Prove that the projection operator $\mathbb P_+\equiv|+z\rangle\!\langle +z|$ is Hermitian

Any projection operator can be written in the form $$ P = \sum_{j = 1}^r |\psi_j \rangle \langle \psi_j | $$ Where $\psi_1,\dots,\psi_n$ is an orthonormal basis of our Hilbert space. Given $\psi = c_1\psi_1 + \cdots + c_n \psi_n$, we calculate $$ \langle\psi| P = \langle \psi | \left(\sum_{j = 1}^r |\psi_j \rangle \langle \psi_j | \right) = \sum_{j = 1}^r \langle \psi \mid \psi_j \rangle \langle \psi_j | =\\ \sum_{j = 1}^r \langle \psi_j \mid \psi \rangle^* \langle \psi_j | = \sum_{j = 1}^r c_j^* \langle \psi_j | $$ This is the bra corresponding to the ket $P |\psi \rangle = \sum_{j=1}^r c_j | \psi_j \rangle$. So, $P$ is self-adjoint.

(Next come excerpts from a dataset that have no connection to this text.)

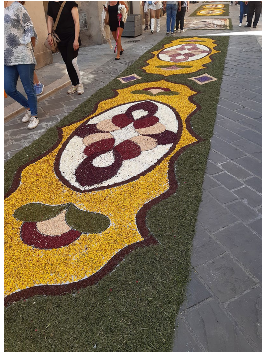
Kuva 5. Maatuvista materiaaleista tehtyjen yhteisöllisten taideteosten viitoittama reitti kaupungin kaduilla.

jen restaurointi ei ole täällä mielestäni tarpeellistakaan. Astian kokoon liimaamiseen ja alkuperäisen ulkonäön rekonstruoimiseen liittyvät käytännöt olisivat kuitenkin sovellettavissa suomalaiseseen materiaaliin. Esimerkiksi astian liimaaminen kokoon oikeanlaisella liimalla mahdollistaa liiman poistamisen tai palojen asennon säätämisen, vaikka liima pääsisi kuivumaan. Nykyiset restauroinnin periaatteet karttavat liiallista tulkintaa ja pyrkivät kunnioittamaan alkuperäistä astiaa. Esineen ulkomuodosta esimerkiksi rekonstruoidaan vain niitä piirteitä, joita voidaan varmuudella päätellä säilyneistä paloista. Sen lisäksi rekonstruoidut osat pitää pystyä selkeästi erottamaan alkuperäisistä osista, vaikkakin niiden on samalla sulauduttava häiritsemättä kokonaisuuteen.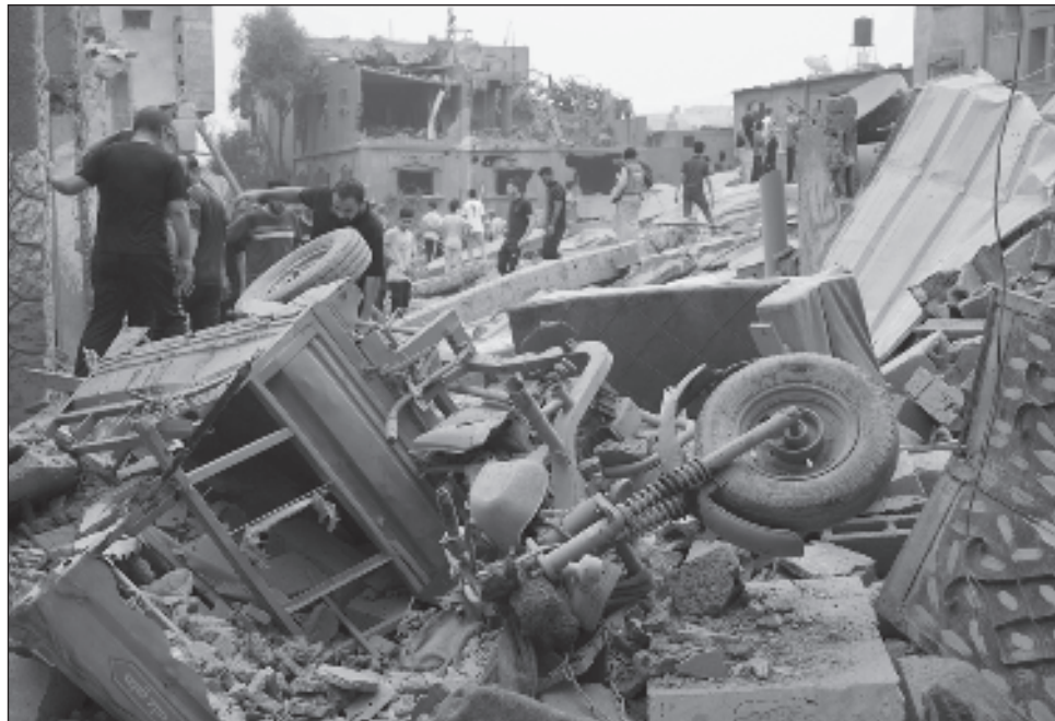
▲ “Tenemos investigaciones activas en curso en relación a los crímenes presuntamente cometidos en Israel el 7 de octubre y también en relación con Gaza y Cisjordania”, anunció el fiscal Khan, que añadió que “este es un momento de objetividad, de reflexión silenciosa”.

“Tenemos investigaciones activas en curso en relación a los crímenes presuntamente cometidos en Israel el 7 de oc-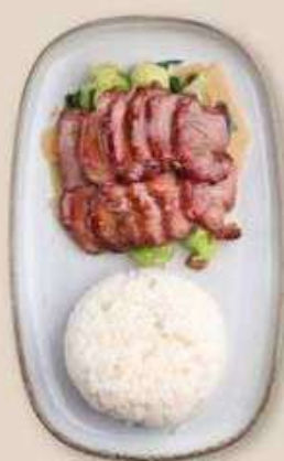
СВИНИНА ЧА-ШАО В МЕДОВОМ СОУСЕ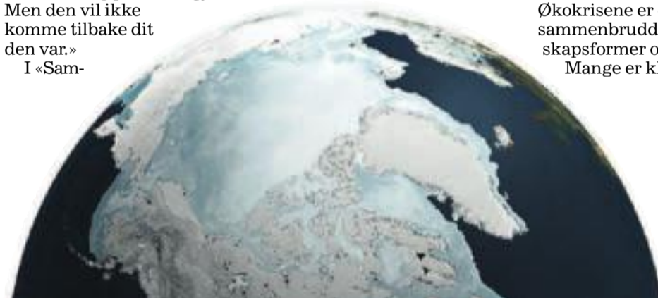
TOPP: Satelittbilder viser svingninger i den arktiske isen. Her fra mars 2011 ...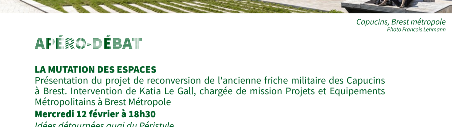
Capucins, Brest métropole

Départ de la visite sur le parvis de la Cité de la Voile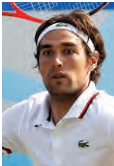
الفرنسي جيريمي شاردي

مشوارهما بمواجهة الجنوب إفريقي لويد هاريس، الصاعد من التصفيات والفائز على الأسترالي كريستوفر أكونيل الصاعد بدوره من التصفيات 7-6 (7-5) و4-6 و6-1، والفرنلندي إميل روسوفوري الصاعد من التصفيات والفائز على الأسترالي جوردان طومسون.

I assume from the comments that $P$ is a rank-1 projection, and so it is of the form $$P=|\psi\rangle\langle\psi|$$ for some vector $|\psi\rangle$ in the Hilbert space. Observe that, in a sense, $|\psi\rangle^*=\langle\psi|$ in Dirac notation, whence $$P^* = (\langle\psi|)^*(|\psi\rangle)^*,$$ and since the $*$ is involutive one has $$P^*=|\psi\rangle\langle\psi| = P.$$

The "idempotency" $P^2 = P$ comes from a direct computation $$P^2 = |\psi\rangle\langle\psi|\psi\rangle\langle\psi|=|\psi\rangle\langle\psi|=P$$ since $|\psi\rangle$ is assumed to be a vector of norm one, so that $\Vert\psi\Vert^2 = \langle\psi|\psi\rangle=1$.